介绍

Go 的并发原语可以轻松的的通过建立数据流pipeline来有效的利用I/O和多CPU。本文介绍了这种pipeline的一些例子,强调了当操作失败时的细节处理,以及错误后如何清理。

什么是pipeline

在Go中pipeline并没有明确的定义;它只是多种并发程序中的一种。通俗的讲,一个pipeline是由一系列channel连接的stages,其中每个stage是一组运行相同函数的goroutine。在每个stage中,goroutine

  • 通过输入channel从上游接收值
  • 对这些数据执行某些函数,通常是生成一些新的值
  • 通过输出channel发送值到下游

每个阶段有任意数量的输入输入channel,除了第一个和最后阶段,分别只有输出或输入channel。第一个阶段有时被称为sourceproducer;最后阶段称为sinkconsumer

我们将开始通过一个简单的pipeline的例子来阐述这个思想和技巧。稍后,我们会介绍一个更贴近现实的例子。

阶乘数字

思考一个有三个stage的pipeline。

第一个stage,gen,是一个转换一个integer的list并将list中的integer发送到一个channel中的函数。这个gen函数启动一个goroutine将integer发送到channel并且当所有值发送完后关闭channel:

func gen(nums ...int) <-chan int {
    out := make(chan int)
    go func() {
        for _, n := range nums {
            out <- n
        }
        close(out)
    }()
    return out
}

第二个stage,sq,从一个channel中接收integer,将每个integer平方后发送到一个channel中并返回这个channel。在输入channel关闭并将这个阶段的所有值发送到下游后,关闭输出channel:

func sq(in <-chan int) <-chan int {
    out := make(chan int)
    go func() {
        for n := range in {
            out <- n * n
        }
        close(out)
    }()
    return out
}

main函数中建立pipeline并运行最后一个stage:它从第二个stage中接收值并显示出每一个,直到channel被关闭:

func main() {
    // Set up the pipeline.
    c := gen(2, 3)
    out := sq(c)

    // Consume the output.
    fmt.Println(<-out) // 4
    fmt.Println(<-out) // 9
}

因为sq有相同类型的输入输出channel,我们可以任意次数的组合他们。我们还可以在main中重写一个范围循环,像这样的一组stage:

func main() {
    // Set up the pipeline and consume the output.
    for n := range sq(sq(gen(2, 3))) {
        fmt.Println(n) // 16 then 81
    }
}

Fan-out,fan-in

多个函数可以从相同的channel中读取直到该channel关闭;这就是所谓的fan-out。这样就提供了一种在一组workers中分配work使之并行的使用CPU和I/O的方法。

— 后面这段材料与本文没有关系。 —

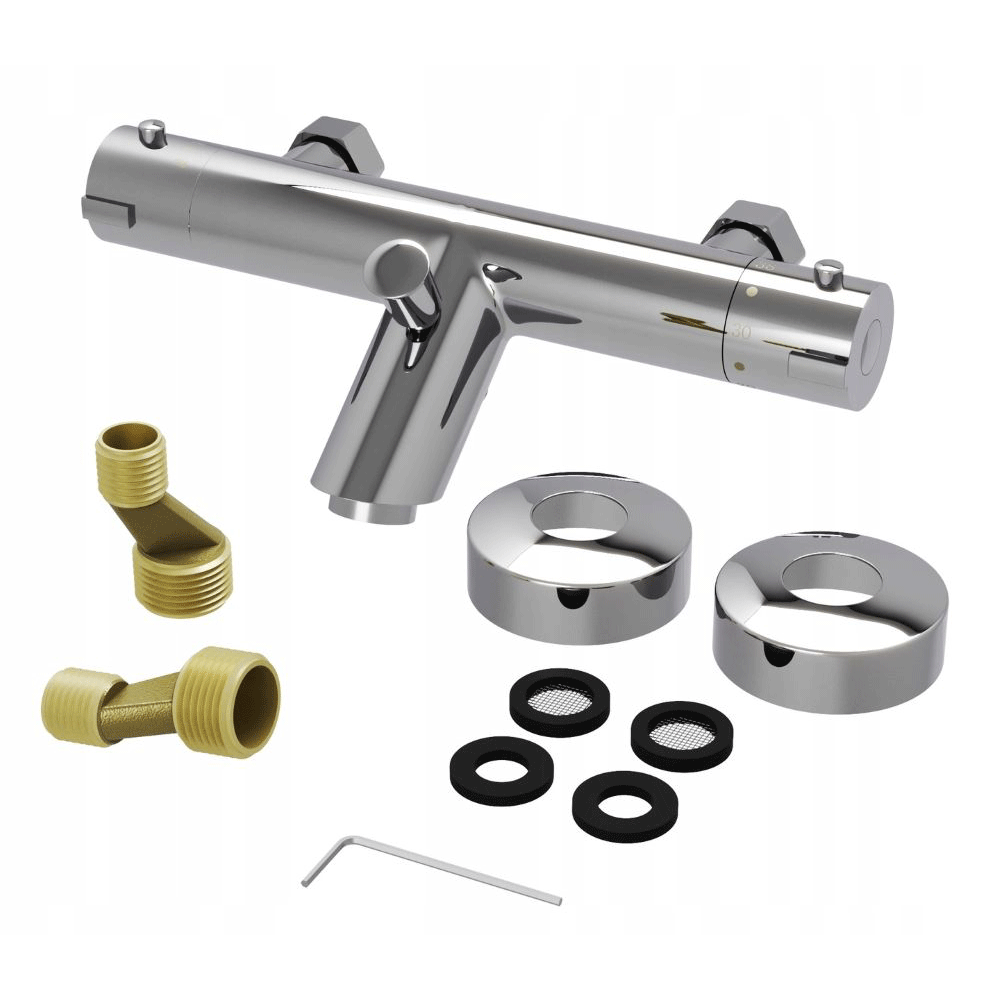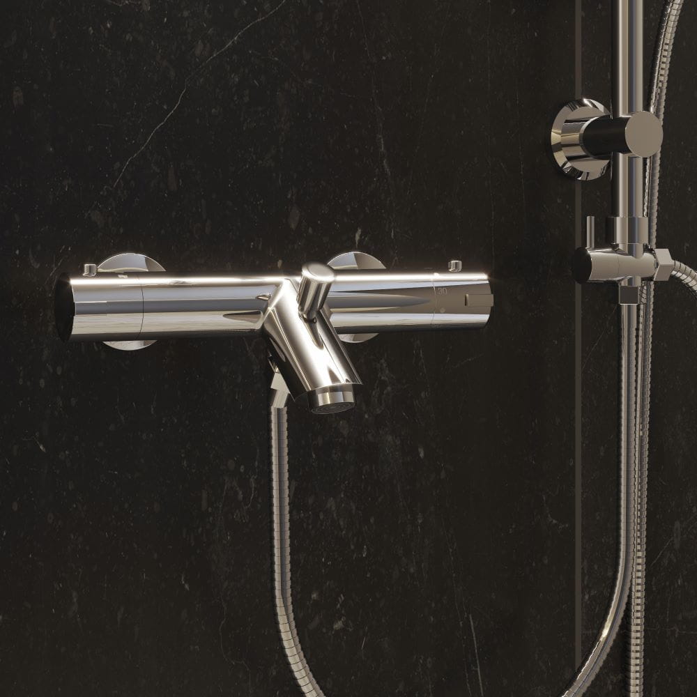 Bateria termostatyczna LATON przeznaczona do montażu ściennego, dwuuchwytowa oraz dwupokrętłowa.
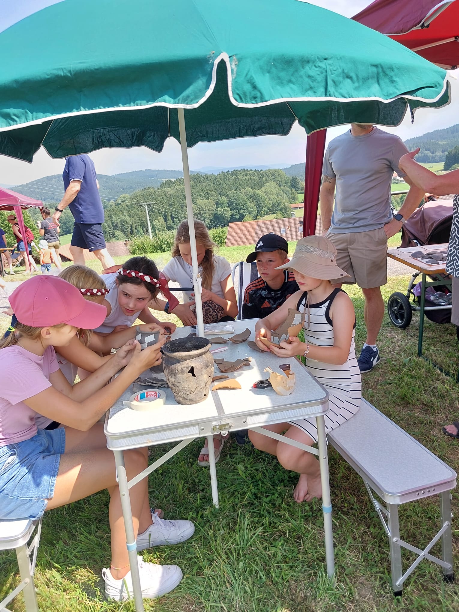 Vorstand Thomas Piller führte interessierte Besucher über das Burggelänge und informierte zur Geschichte und Sanierung der Burg. In diesem Zusammenhang wurden auch Fundstücke am Festplatz präsentiert und Kinder durften Scherbenteile zu Gefäßen zusammenfügen.

A function can read from multiple inputs and proceed until all are closed by multiplexing the input channels onto a single channel that's closed when all the inputs are closed. This is called fan-in.

我们可以改变我们的pipeline来运行两个sq实例,每个都从相同的输入channel读取。我们采用一个新的函数,merge,来汇总在结果中:

func main() {
    in := gen(2, 3)

    // Distribute the sq work across two goroutines that both read from in.
    c1 := sq(in)
    c2 := sq(in)

    // Consume the merged output from c1 and c2.
    for n := range merge(c1, c2) {
        fmt.Println(n) // 4 then 9, or 9 then 4
    }
}

这个merge函数通过一个goroutine来转换一个channel的list到一个channel来把每个输入channel中的值复制到唯一的输出channel中。一旦所有的outputgoroutine都启动了,merge启动另一个gorotine在在这个channel发送完成后关闭这个输出channel。

发送到一个已经关闭的channel会引起panic,所以重要的是要确保在关闭前都已经发送完。sync.WaitGroup类型提供了一种简单的方法来安排这种同步。

func merge(cs ...<-chan int) <-chan int {
    var wg sync.WaitGroup // HL
    out := make(chan int)

    // Start an output goroutine for each input channel in cs.  output
    // copies values from c to out until c is closed, then calls wg.Done.
    output := func(c <-chan int) {
        for n := range c {
            out <- n
        }
        wg.Done() // HL
    }
    wg.Add(len(cs)) // HL
    for _, c := range cs {
        go output(c)
    }

    // Start a goroutine to close out once all the output goroutines are
    // done.  This must start after the wg.Add call.
    go func() {
        wg.Wait() // HL
        close(out)
    }()
    return out
}

Stopping short

这是我们pipeline功能的一个模式:

  • 当所有发送操作结束后stages关闭他们的输出channels。
  • stages持续的从输入channels中接收值直到这些channel都关闭。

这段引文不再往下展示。